Re: PS

Rob Hartill (robh@imdb.com)
Mon, 15 Jul 1996 18:06:43 -0600 (MDT)


>>How about this instead: Instead of trying to make a HTTP protocal change -
>>simply ask all robots to identify themselves as a robot via a (robot) in
>>the User-Agent header?
>
>Great idea, but again is begs the question, "What qualifies as a robot?" For
>example, does WebCompass (which retrieves two levels deep to summarize
>findings) count as a robot? What about other types of "user agent"
>interaction?
>
>Getting everyone to agree to put (robot) in their User-Agent will pretty
>much require (again) an active definition of what should and shouldn't. In
>my opinion, this is even less a cut-and-dried issue than "Should it adhere
>to the robot exclusion standard?"

Anything that's not directly human controlled and that has not been given
permission to visit the site unregulated.

Both requirements are there to protect sites that have made an adequate
attempt to guide automated systems around their system.
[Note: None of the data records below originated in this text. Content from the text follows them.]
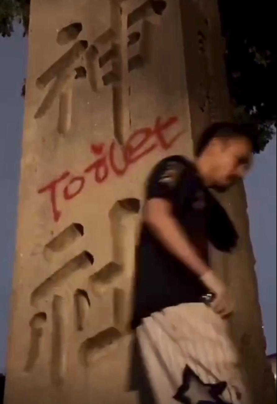 6月1日早上6時,有日本民眾發現靖國神社刻上社名的石柱被人用噴漆涂鴉,寫上“toilet”(廁所)一詞。 當局調閱監視器追捕犯人之際,中國網紅鐵頭公開拍下犯案過程的影片,聲稱是為了排放核污水一事“給它們點顏色瞧瞧”。 該網紅有不少黑歷史,年初才因為在直播中自曝買春,遭各平臺封號禁言。
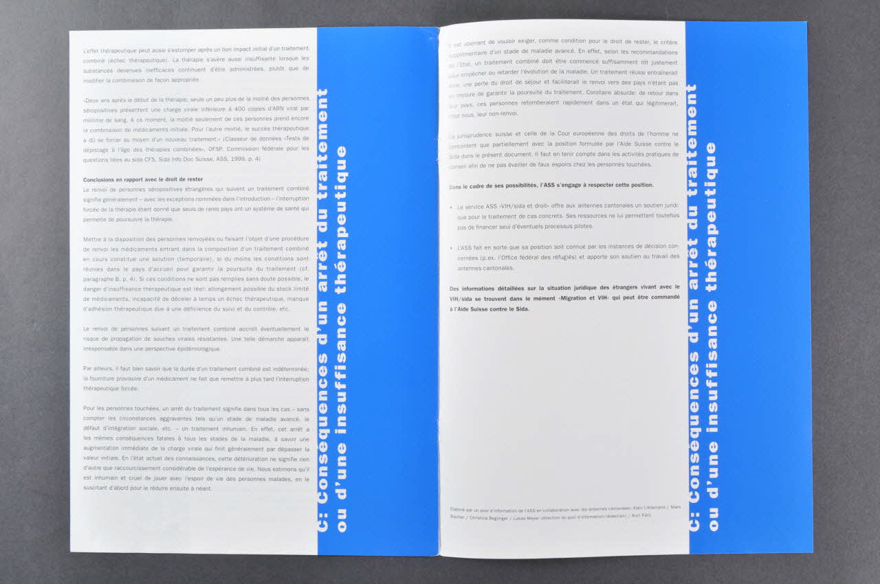 Prise de position de l'association Il faut que les personnes suivent un traitement combiné anti VIH sur indication médicale. "Le seul statut de séropositif ne préjuge pas d'un droit de rester, même pas s'il est certain qu'un traitement combiné n'est pas disponible dans le pays de renvoi. En effet, il n'est pas possible de motiver une inégalité detraitement entre personnes étrangères avec le VIH et personnes étrangères sans le VIH (mais peut-être menacées d'autres maladies) Données sur le déroulement de l'infection. L'initiation de la thérapie. Les conditions nécessaires pour une thérapie combinée. Les conséquences d'un arrêt du traitement ou d'une insuffisance thérapeutique. Conclusions en rapport avec le droit à rester : "Pour les personnes touchées, un arrêt du traitement signifie dans tous les cas un traitement inhumain. En effet, cet arrêt a les mêmes conséquences fatales à tous les stades de la maladie, à savoir une augmentation immédiate de la charge virale qui finit généralement par dépasser la valeur initiale. En l'état actuel des connaissances, cette détérioration ne signifie rien d'autre que raccourcissement considérable de l'espérance de vie. Nous estimons qu'il est inhumain et cruel de jouer avec lk'espoir de vie des personnes malades, en le suscutant d'abord pour le réduire enduite à néant."
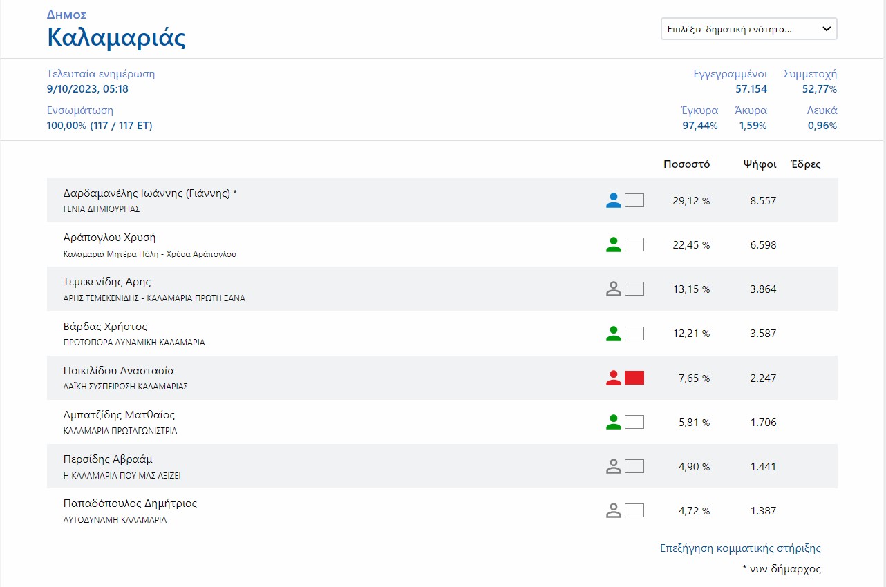 Στο δήμο Καλαμαριάς, ο νυν δήμαρχος, Γιάννης Δαρδαμανέλης συγκέντρωσε το 29,12% ενώ στη δεύτερη θέση βρίσκεται η Χρύσα Αράπογλου με 22,45%.
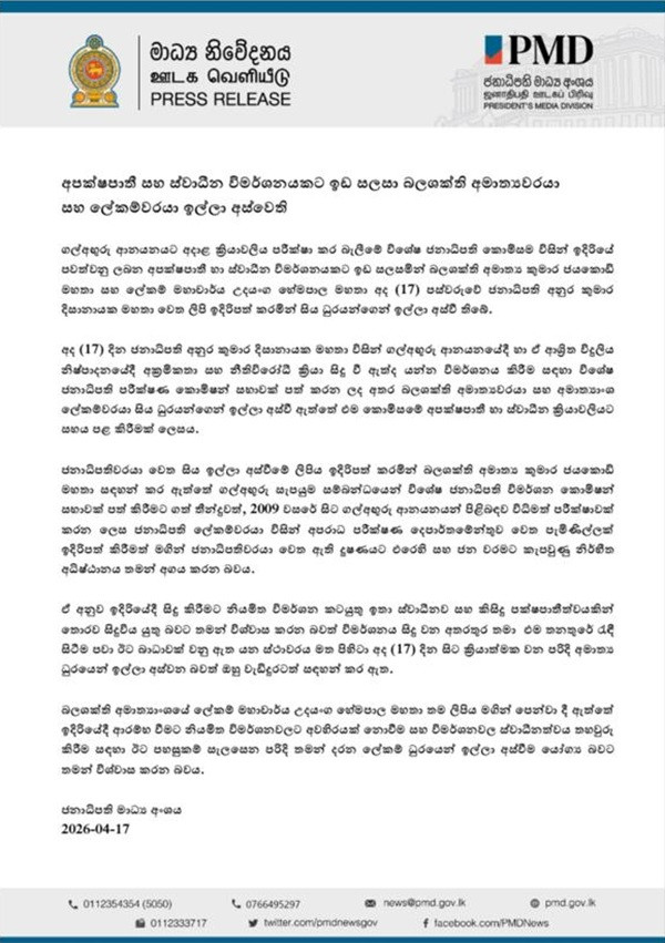 In his resignation letter dated April 17, 2026, Jayakody stated that his decision comes in the context of ongoing investigations related to coal procurement and recent steps taken to appoint a presidential commission of inquiry and involve the Criminal Investigation Department in examining imports since 2009.
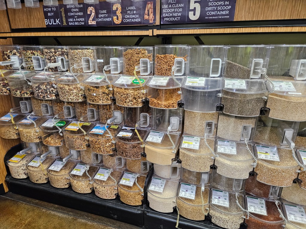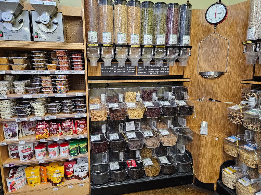 I took my yellow shopping bag in with me. I was impressed immediately with the way the fruits and veggies were displayed (different, but noticeable care like Wegman’s). Shortly I found a spice section and ended up weighing out some Fenugreek powder, Horehound Herb and around the corner was some coffee and assorted tea, and I bagged some Assam loose leaf tea.

I'm not sure how Netscape's "what's new" bookmarks checker fits into this
but I'd like it to show some sense if it needs to visit a site multiple
times. Rapid fire requests to the same server should be avoided even if
there's a human present.

-- 
Rob Hartill (robh@imdb.com)
The Internet Movie Database (IMDb)  http://www.imdb.com/
           ...more movie info than you can poke a stick at.